English author and illustrator (1861–1955)

Clemence Annie Housman (23 November 1861 – 6 December 1955) was an author, illustrator and activist in the women's suffrage movement. She was the sister of A. E. Housman and Laurence Housman. Her novels included The Were-Wolf, Unknown Sea and The Life of Sir Aglovale De Galis. She was also a leading figure in the suffragette movement.

== Life ==
Clemence was born in Bromsgrove, Worcestershire. She went to the South London School of Technical Art in 1883 where she learned, among other things, wood-engraving. She worked for a time as an engraver for illustrated papers such as The Graphic.

In 1908 she subscribed to the Women's Social and Political Union (WSPU), and in 1909 she was a co-founder, with her brother Laurence Housman, of the Suffrage Atelier. Here, she made banners for the suffrage movement between 1908 and 1914, with her brother describing how she "wore herself out" sitting on the floor and doing needlework for the cause. She also created designs for publications of the WSPU's Women's Press, ran print making workshops for fellow suffrage campaigners to print literature and organised exhibitions.
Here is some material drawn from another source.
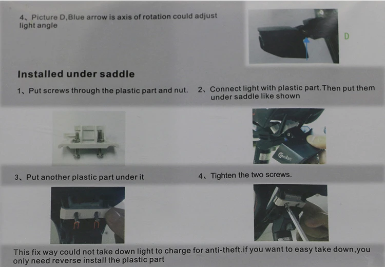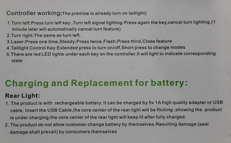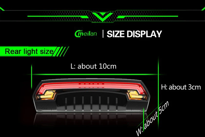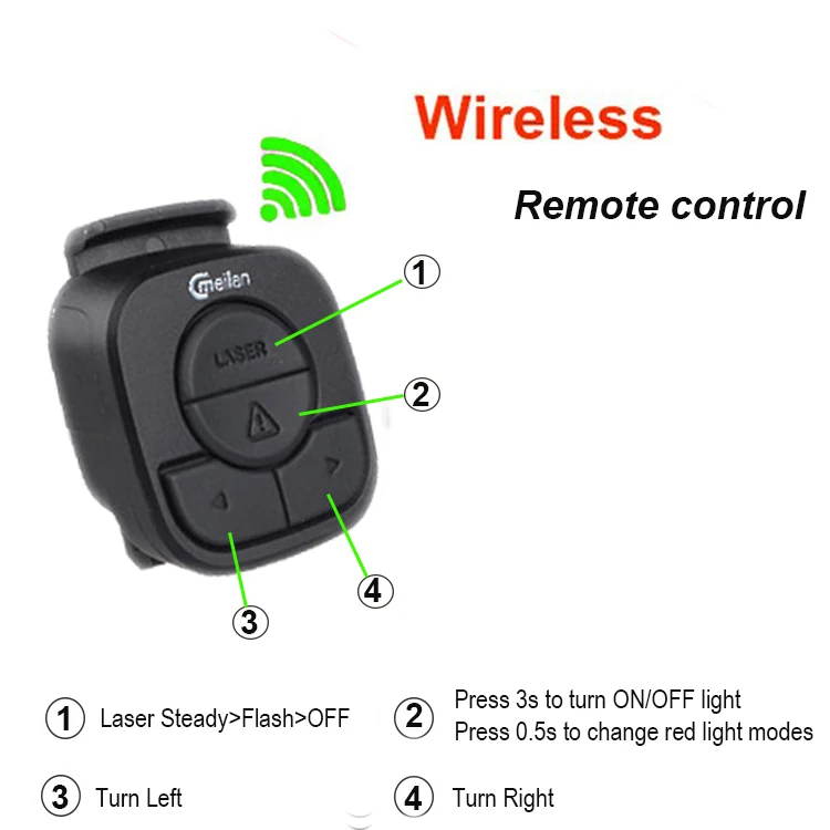 Этот свет сочетает регулярное визуальное предупреждение с поворотом света и лазерными лучами, обеспечение полного цикла визуального предупреждения. Это особенности в пульте управления таким образом, чтобы держаться подальше от сложной проводки на вашем велосипеде. Оснащен качественными светодиодный ными чипсами и большим объемом аккумуляторной батареи, эта лампа способна удовлетворить большинство визуальных предупреждений, необходимых для катания на велосипеде.

In 1910 Houseman became a member of the committee of the Women's Tax Resistance League. She also boycotted the 1911 census, writing "No Vote No Census Clemence Housman" across her form. She was arrested on 30 September 1911 for non-payment of her taxes. She was sent to Holloway Prison, but she was released after just one week following protests and demonstrations by her supporters.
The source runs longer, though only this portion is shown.